When Was the First Juneteenth Celebration in Los Angeles? – LAmag

When Was the First Juneteenth Celebration in Los Angeles? – LAmag

Public events started in 1975, but the NAACP marked it a decade earlier

Pacoima was the first place the city celebrated Juneteenth in Los Angeles. The Los Angeles Times reported that the City of Los Angeles Parks and Recreation Department held its third annual observance at the Pacoima Recreation Center in 1977. A celebration in 1975 would have been a full five years before the state of Texas became the first to make Juneteenth a government holiday. That drive to make it a national holiday kept rolling for decades, until an official designation was declared under President Joe Biden, who designated June 19 an official federal holiday in 2021, following a year of racial justice protests that rocked the nation.

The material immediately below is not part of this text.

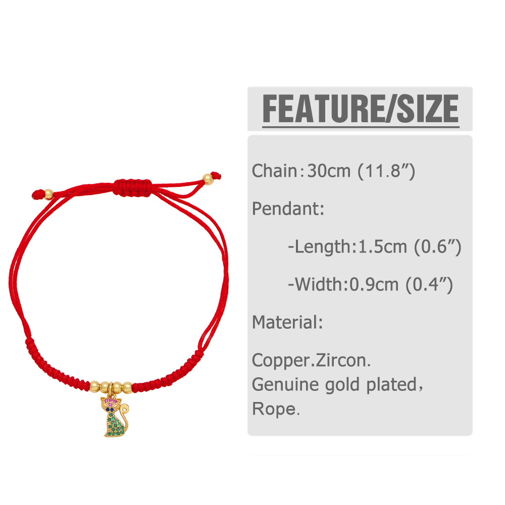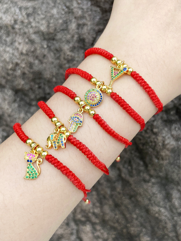 Jewelry personality red rope bracelet inlaid with colored zircon kitten elephant palm bracelet brk75

Today, libraries, city halls, banks, post offices and the stock market are closed to mark the federal holiday commemorating the end of slavery in 1865. Two and a half years had passed since Abraham Lincoln signed the Emancipation Proclamation, but many enslaved people were unaware of the news. The Library of Congress describes it as carrying additional meaning as a “symbolic date” representing the African American struggle for freedom and equality, and a celebration of family and community.

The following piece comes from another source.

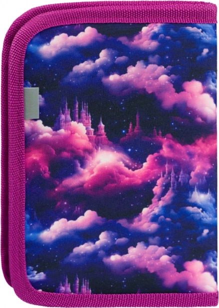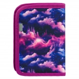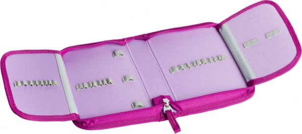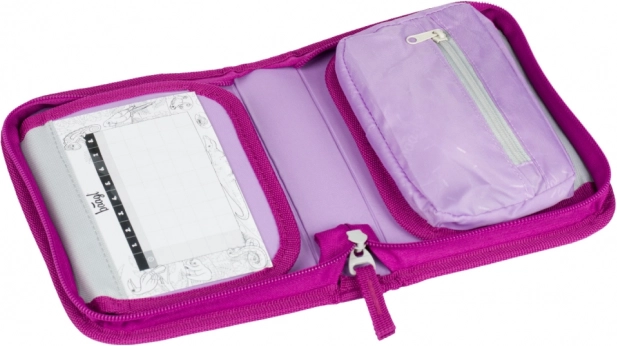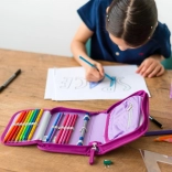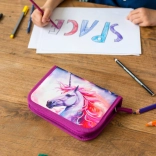 Přední stranu zdobí detailní motiv jednorožce v růžovo‑fialových tónech, který z penálu dělá nepřehlédnutelný doplněk do školy.

Although it is the first time an official city “Juneteenth” is mentioned in the Los Angeles Times, that first celebration in Pacoima occurred nearly a decade after the NAACP held a gala ball at the Knollwood Country Club in Granada Hills “celebrating the traditional Freedom Day for Texas and Oklahoma Negros,” as they put it at the time. In a black and white photo from June 18, 1964, we see Mrs. Edward Melfort, co-chairman of the affair; Dr. Vernon Collins, M.D., toastmaster; Mrs. Theodore Larkin of the Valley Fair Housing Council, and Mrs. A. L. Calvin of the NAACP Women’s Auxiliary inspecting a bell from the 19th century, originally cast at a slave-operated foundry in Kentucky. Even earlier than that, the Los Angeles Sentinel reported that a Texas ex-pat named Jonathan Leonard hosted a backyard barbecue marking the holiday with family and friends on this day in 1949. He became a Los Angeles city fireman and lobbied for recognition of the holiday. Fifty years after that party, he was honored when the California State Legislature finally listened to him and declared a permanent day of recognition in 1999.